Provided material:
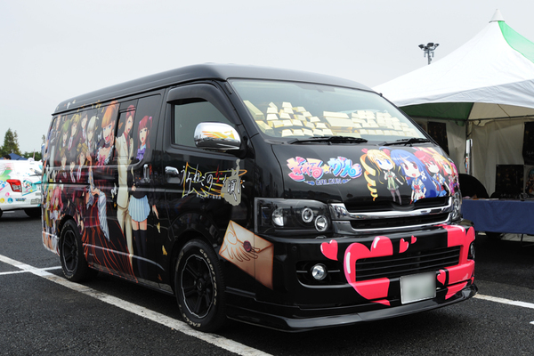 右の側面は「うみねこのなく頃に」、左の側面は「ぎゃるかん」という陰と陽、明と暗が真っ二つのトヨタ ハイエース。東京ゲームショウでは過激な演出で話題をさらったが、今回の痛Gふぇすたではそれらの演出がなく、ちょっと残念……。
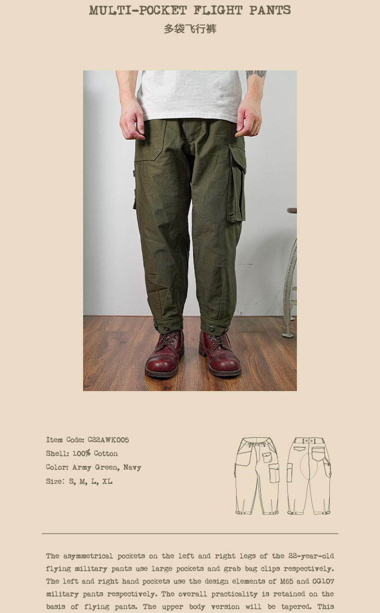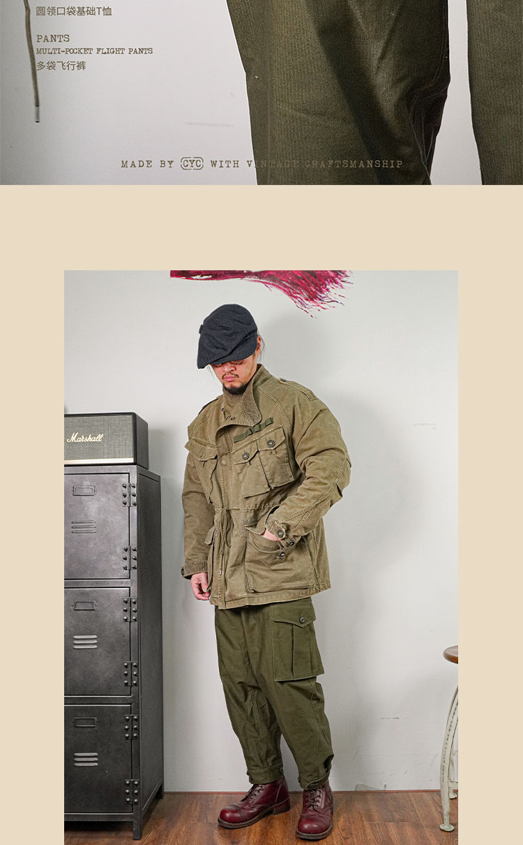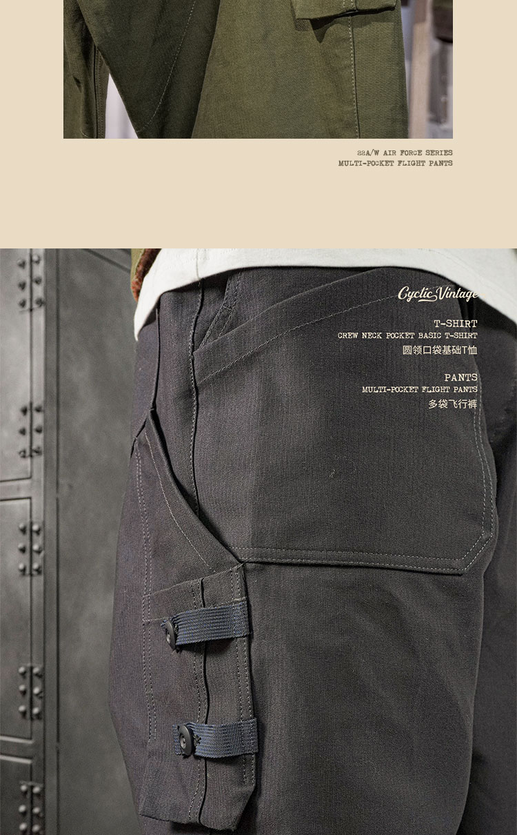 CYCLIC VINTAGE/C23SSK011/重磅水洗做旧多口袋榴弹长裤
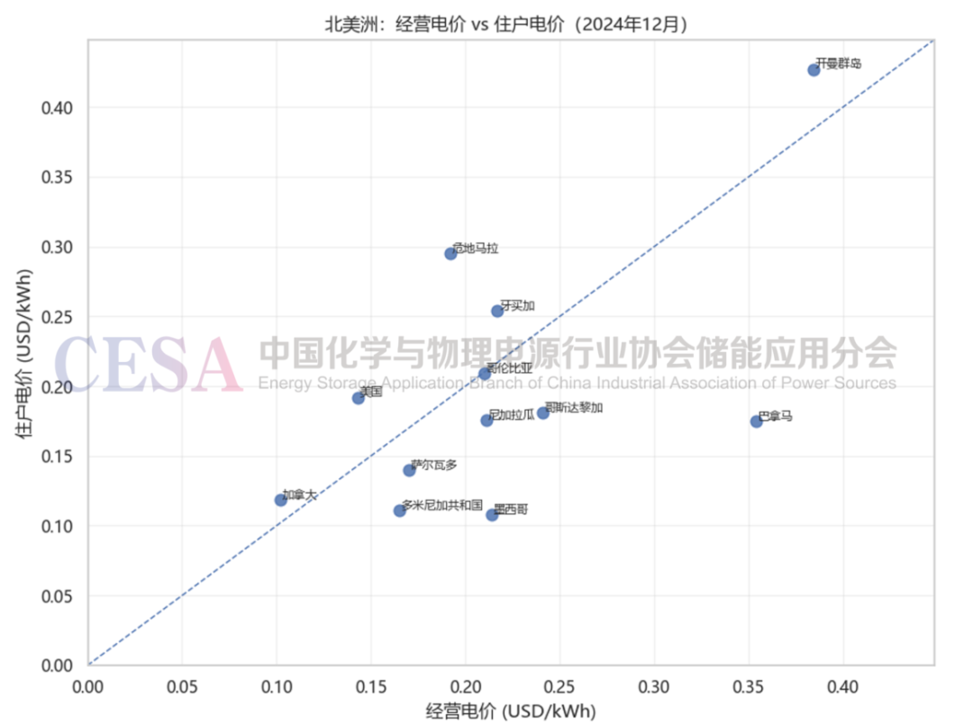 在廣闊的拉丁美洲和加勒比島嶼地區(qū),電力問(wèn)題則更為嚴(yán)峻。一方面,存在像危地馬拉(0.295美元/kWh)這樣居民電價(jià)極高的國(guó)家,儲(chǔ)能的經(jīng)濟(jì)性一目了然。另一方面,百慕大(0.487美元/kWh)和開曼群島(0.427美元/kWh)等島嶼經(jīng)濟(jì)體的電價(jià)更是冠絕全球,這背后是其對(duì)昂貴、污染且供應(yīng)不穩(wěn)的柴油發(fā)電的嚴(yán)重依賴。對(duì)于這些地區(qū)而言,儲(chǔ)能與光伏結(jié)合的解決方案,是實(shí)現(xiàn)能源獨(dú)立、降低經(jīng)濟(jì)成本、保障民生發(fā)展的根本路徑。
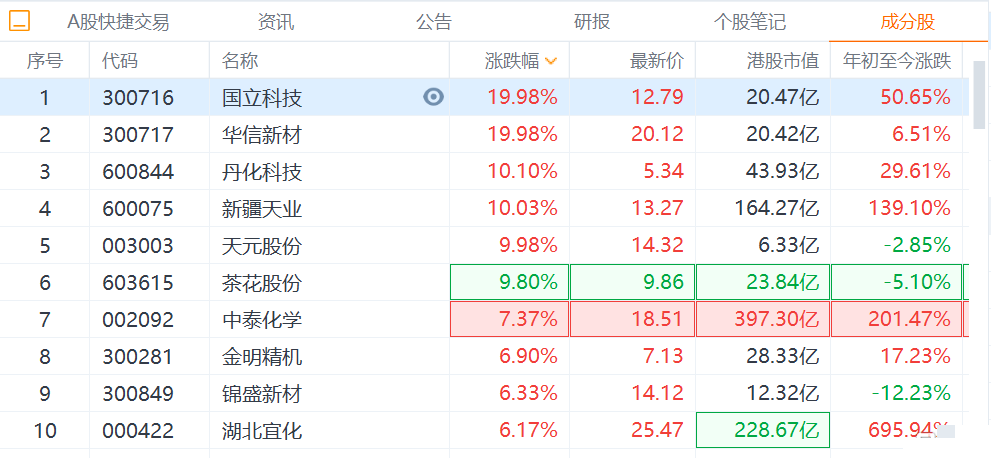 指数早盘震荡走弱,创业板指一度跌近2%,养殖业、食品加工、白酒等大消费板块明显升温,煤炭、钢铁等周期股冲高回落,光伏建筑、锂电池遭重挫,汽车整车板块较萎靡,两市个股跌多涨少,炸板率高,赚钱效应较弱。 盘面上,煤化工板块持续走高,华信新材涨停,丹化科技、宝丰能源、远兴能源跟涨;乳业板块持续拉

Aim of the exercise:
Ignoring the pictures, write out word for word the lines from the line containing "CYCLIC VINTAGE/C23SSK011/重磅水洗做旧多口袋榴弹长裤" through the end of the material above.

Response for this exercise:
 CYCLIC VINTAGE/C23SSK011/重磅水洗做旧多口袋榴弹长裤
 在廣闊的拉丁美洲和加勒比島嶼地區(qū),電力問(wèn)題則更為嚴(yán)峻。一方面,存在像危地馬拉(0.295美元/kWh)這樣居民電價(jià)極高的國(guó)家,儲(chǔ)能的經(jīng)濟(jì)性一目了然。另一方面,百慕大(0.487美元/kWh)和開曼群島(0.427美元/kWh)等島嶼經(jīng)濟(jì)體的電價(jià)更是冠絕全球,這背后是其對(duì)昂貴、污染且供應(yīng)不穩(wěn)的柴油發(fā)電的嚴(yán)重依賴。對(duì)于這些地區(qū)而言,儲(chǔ)能與光伏結(jié)合的解決方案,是實(shí)現(xiàn)能源獨(dú)立、降低經(jīng)濟(jì)成本、保障民生發(fā)展的根本路徑。
 指数早盘震荡走弱,创业板指一度跌近2%,养殖业、食品加工、白酒等大消费板块明显升温,煤炭、钢铁等周期股冲高回落,光伏建筑、锂电池遭重挫,汽车整车板块较萎靡,两市个股跌多涨少,炸板率高,赚钱效应较弱。 盘面上,煤化工板块持续走高,华信新材涨停,丹化科技、宝丰能源、远兴能源跟涨;乳业板块持续拉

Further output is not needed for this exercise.